YOUR OBJECTIVE: A partial copy is required: transcribe exactly the lines from the one containing "Lime Tree Place, Ipswich, IP1 5FA" through the last line below, without any pictures.

Records drawn from a dataset
- Opening Delimiter -
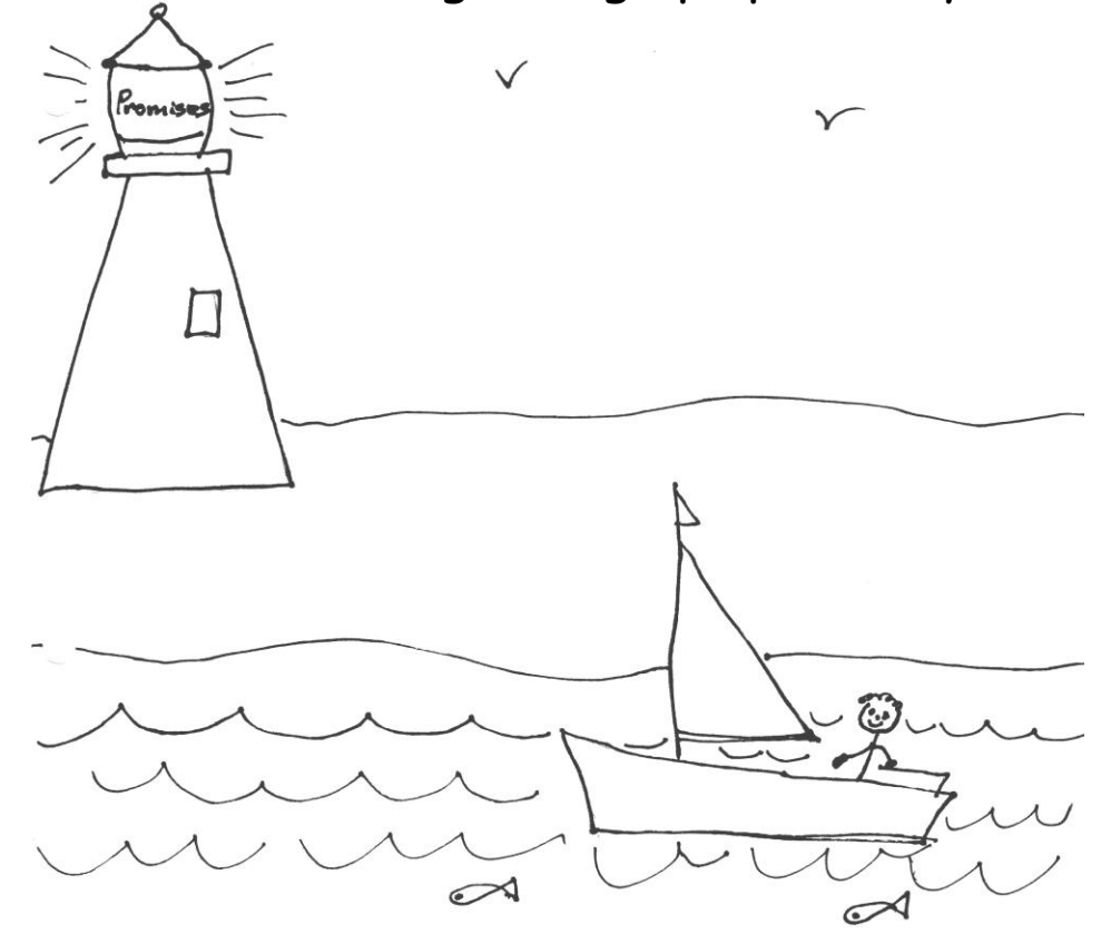
1 Peter 2:1-3 Therefore, rid yourselves of all malice and all deceit, hypocrisy, envy, and slander of every kind. Like newborn babies, crave pure spiritual milk, so that by it you may grow up in your salvation, now that you have tasted that the Lord is good.

As believers, we start out as babies. For our spiritual nourishment or soul food, we have just "milk'. However, we have great "milk". The Holy Spirit teaches us basic facts in the word of God. As we grow, He teaches us more of God's truths. We can put our faith and trust in what God teaches us in His word because God is truth! As we take in this wonderful nourishment, the Holy Spirit will change our point of view to God's point of view. We will be growing up spiritually!
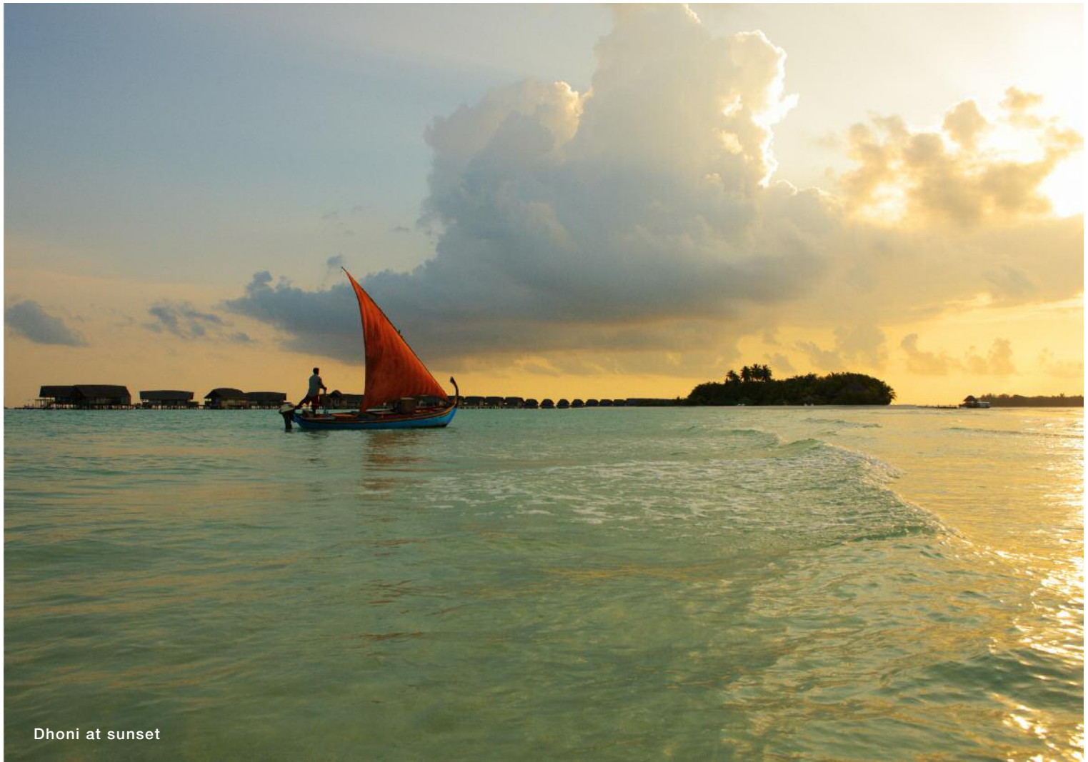
Dhoni at sunset
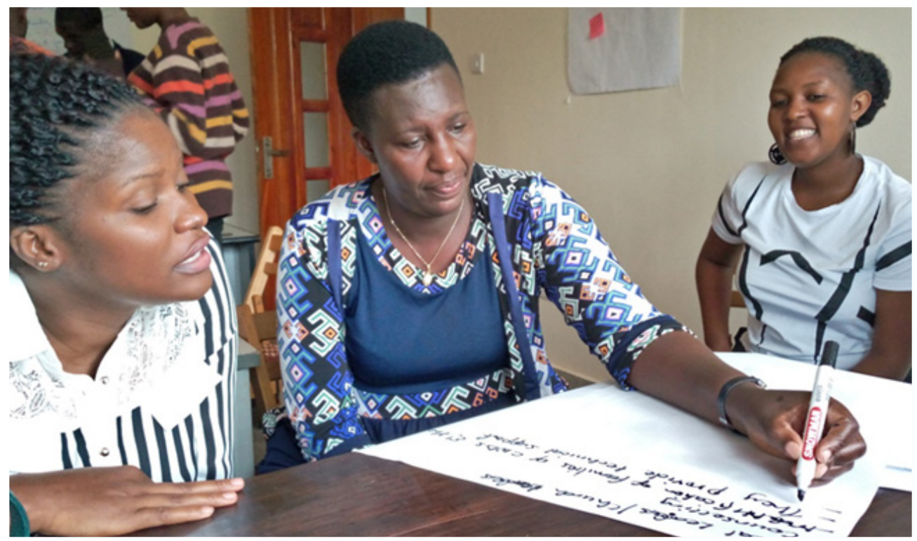
Participants doing group work during the training

To further strengthen our community based programming, 17 participants from Angel's Centre were supported by Cerebral Palsy to develop a Community Based Rehabilitation Strategy. The training was aimed at building the capacity of Angel's Center to develop, implement and monitor a Community Based Rehabilitation Strategy that was relevant to the needs and opportunities available in the community. The participants got more in understanding disability in Uganda, CBR matrix, importance of the International Classification of functional for disability and health to implement disability programs in a harmonized way and situation analysis and mapping of community resources. As a result, Angels' centre drew a CBR strategy.
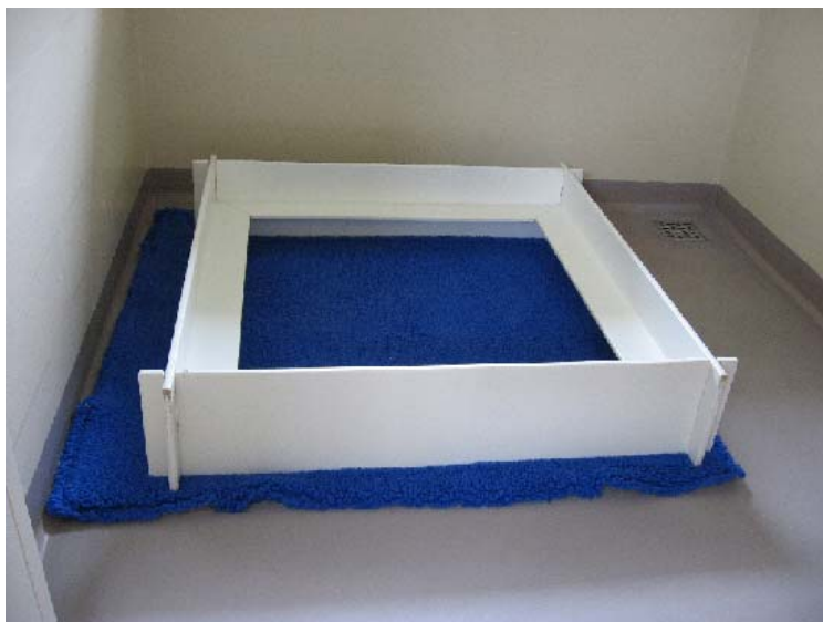
Fig 3: Photograph of a 'whelping box'. Note the "pig rails" around the edge to prevent crushing of pups.

Tip: A child's plastic swimming pool can make a good whelping box. Construction of a "pig rail" around the inside edge of the pool or box prevents pups from getting crushed. (See Fig 3)
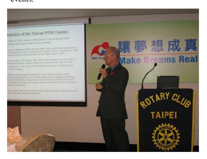
Speaking to the Taipei Rotary Club luncheon.

He thanked our club for its interest and support and said he looks forward to continuing a relationship with us and will keep us informed of upcoming projects and events
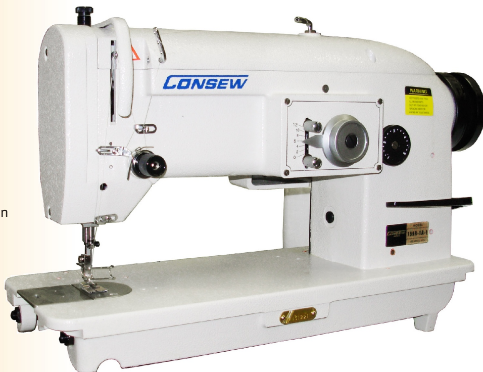
199RB-1A-1 Large Bobbin

COMBINATION ZIG-ZAG AND STRAIGHT STITCHER
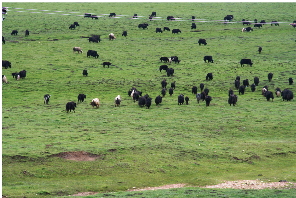
Figure 7. Intensive cattle grazing (Yaks) and first signs of erosion near Lang Mi Su, Sichuan province 2012.
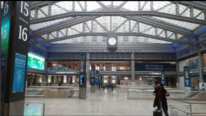
The Main Hall Looking South
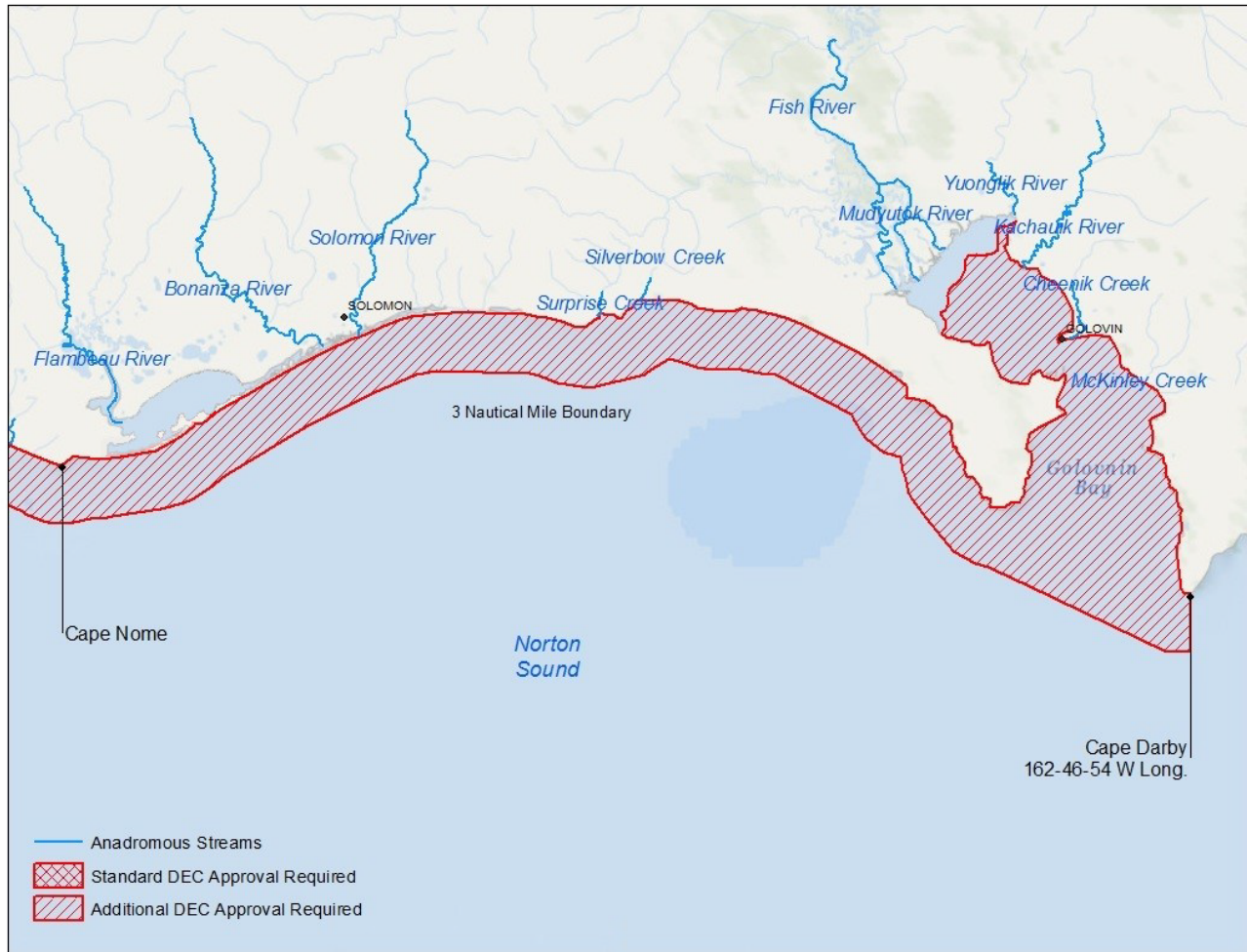
Table D3: Anadromous Waters a – Cape Nome to Cape Darby
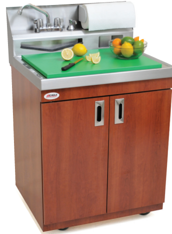
sink with water plate removed and poly board added, ready for cutting or prep work!
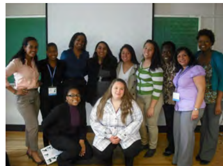
WLI at GREAT Day.

Director of Women and Population for the United Nations Foundation.
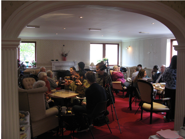
Figure 3. Dioramas interaction in sheltered housing lounge.
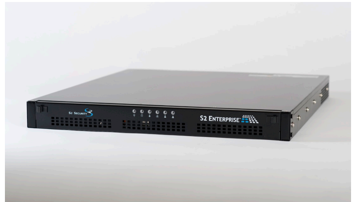
The S2 Enterprise (shown) and S2 Enterprise Ultra fit standard 19" racks

Two models are offered for maximum flexibility. The standard S2 Enterprise offers the benefits of higher processing speed, as well as increased device and user capacity in a value-priced package. The S2 Enterprise Ultra includes a faster processor and larger RAM array, and
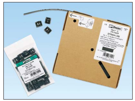
Dura-Ty™ Kit – Recyclable dispenser pack has through-hole for attaching to belt plus storage area for bag of heads
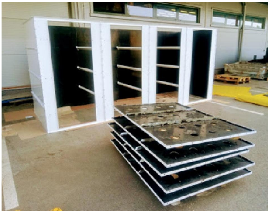
Figure 7 – Rubberizing of filters
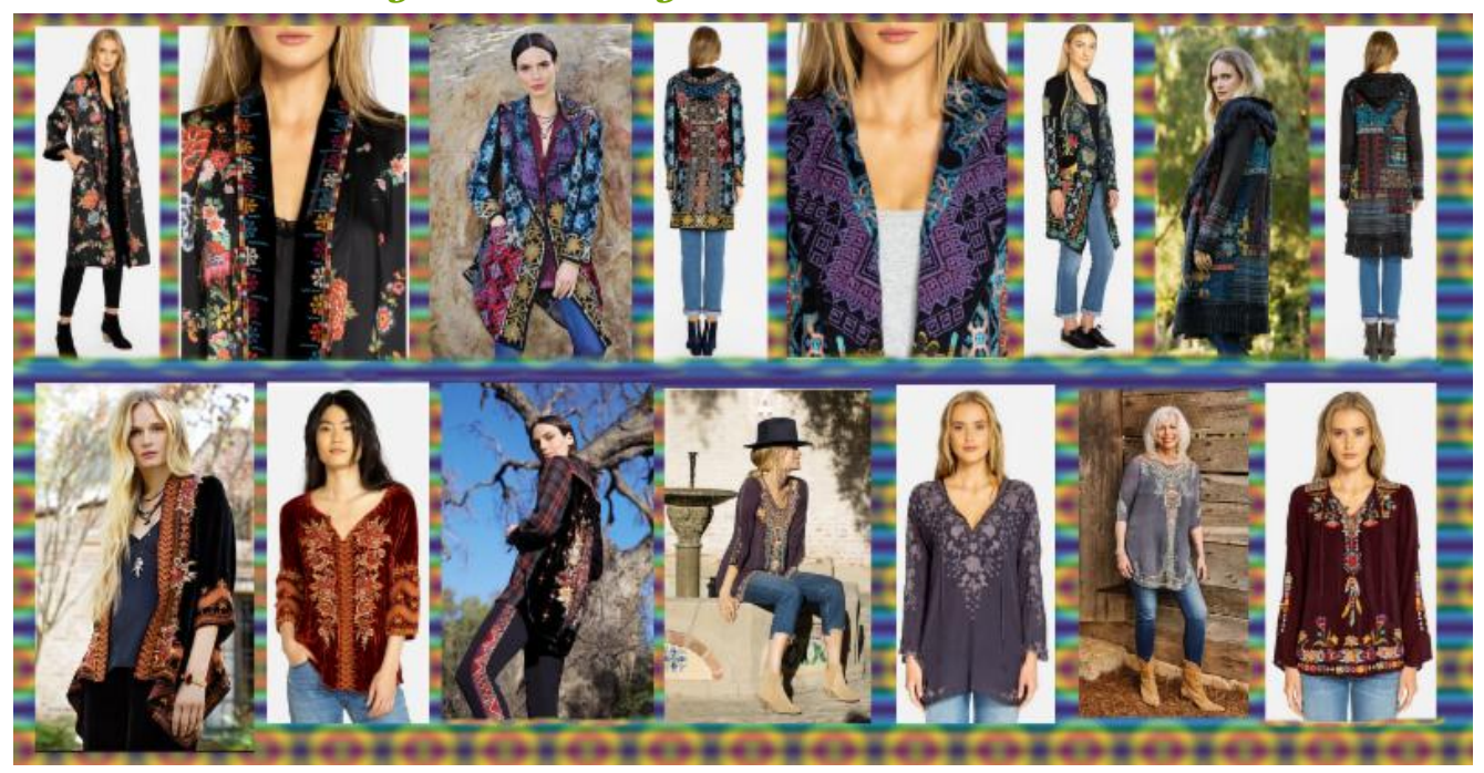
So many NEW Shirts ... Eight X, Mizumi, Luchino Visconti, Rock Roll N Soul
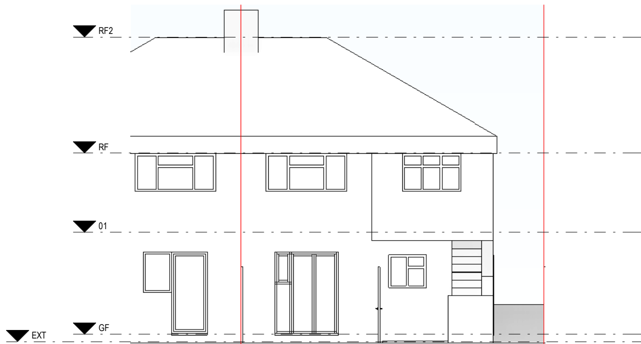
1 Existing South Elevation 1:100
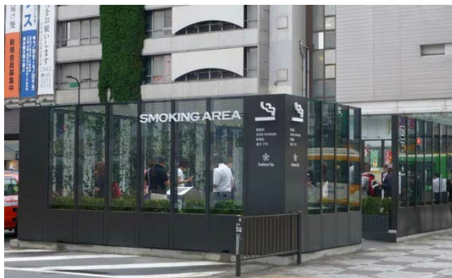
Above: Designated Smoking Area
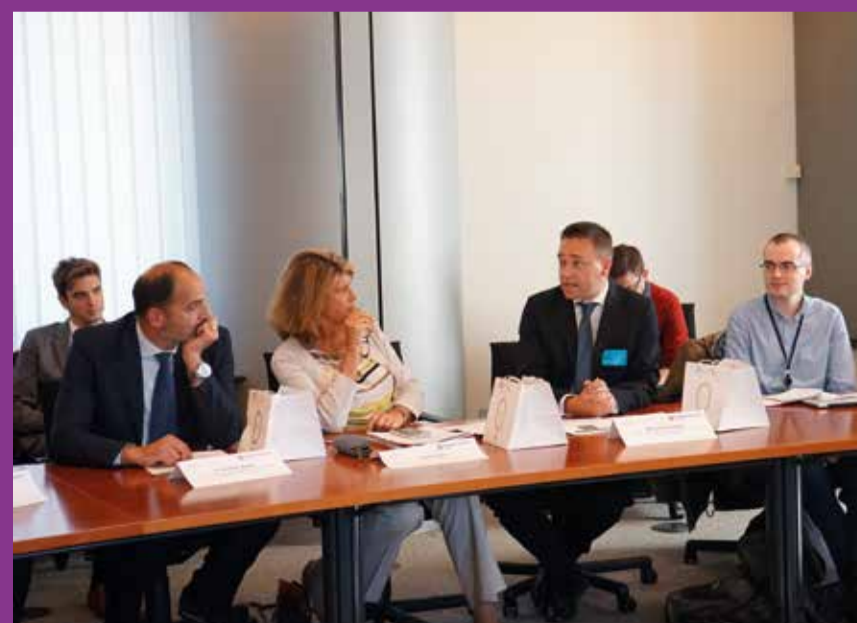
The Association of Language Testers in Europe and Cambridge Assessment English event at the European Parliament to celebrate the European Day of Languages.
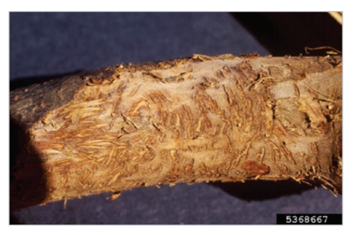
Vole feeding damage.
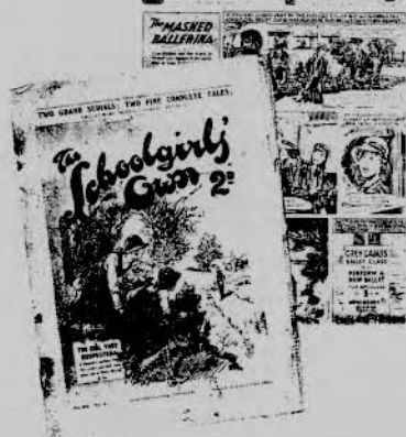
The durable tradition of schoolgirl adventure: The Schoolgirls' Own (13 June 1925) and School Friend (the second magazine so named, 11 August 1956).

SEVEN PICTURE-STORIES · FOUR STORIES TO READ · INSIDE! SCHOOL FRIEND
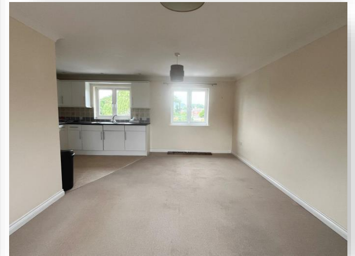
Lime Tree Place, Ipswich, IP1 5FA
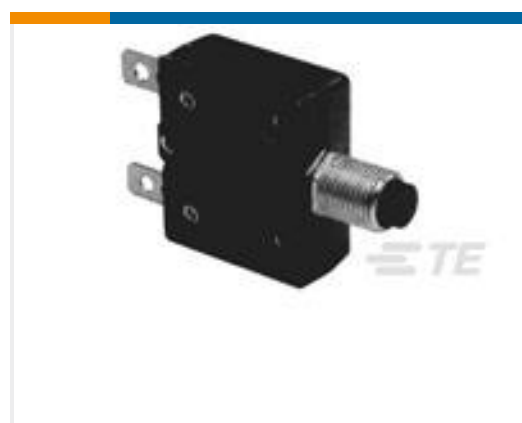
TE Model / Part #5-1423901-9 W54-XB2A4A10-10=CKTBKR,THERM, PB,QC.250
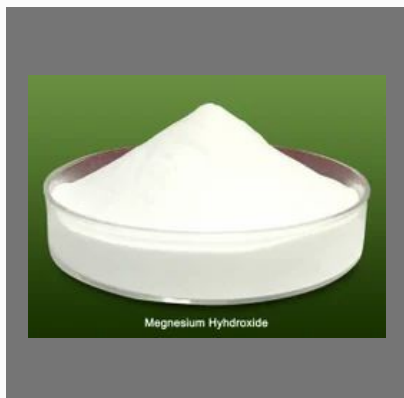
Magnesium Hydroxide IP/BP/USP
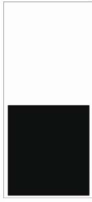
1/2 PAGE 3.5" HIGH x 3.125" WIDE
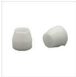
Industrial PTFE Ferrule
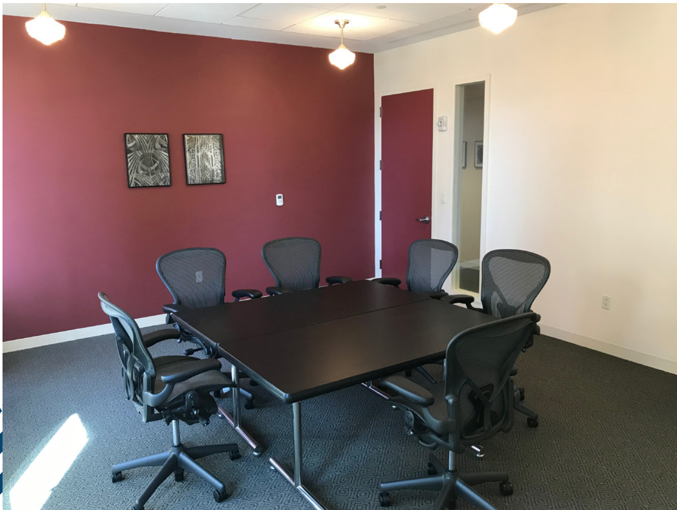
Red room 20' 1" x 17' 9"
- Closing Delimiter -
RESPONSE TO THIS TASK:
Lime Tree Place, Ipswich, IP1 5FA
TE Model / Part #5-1423901-9 W54-XB2A4A10-10=CKTBKR,THERM, PB,QC.250
Magnesium Hydroxide IP/BP/USP
1/2 PAGE 3.5" HIGH x 3.125" WIDE
Industrial PTFE Ferrule
Red room 20' 1" x 17' 9"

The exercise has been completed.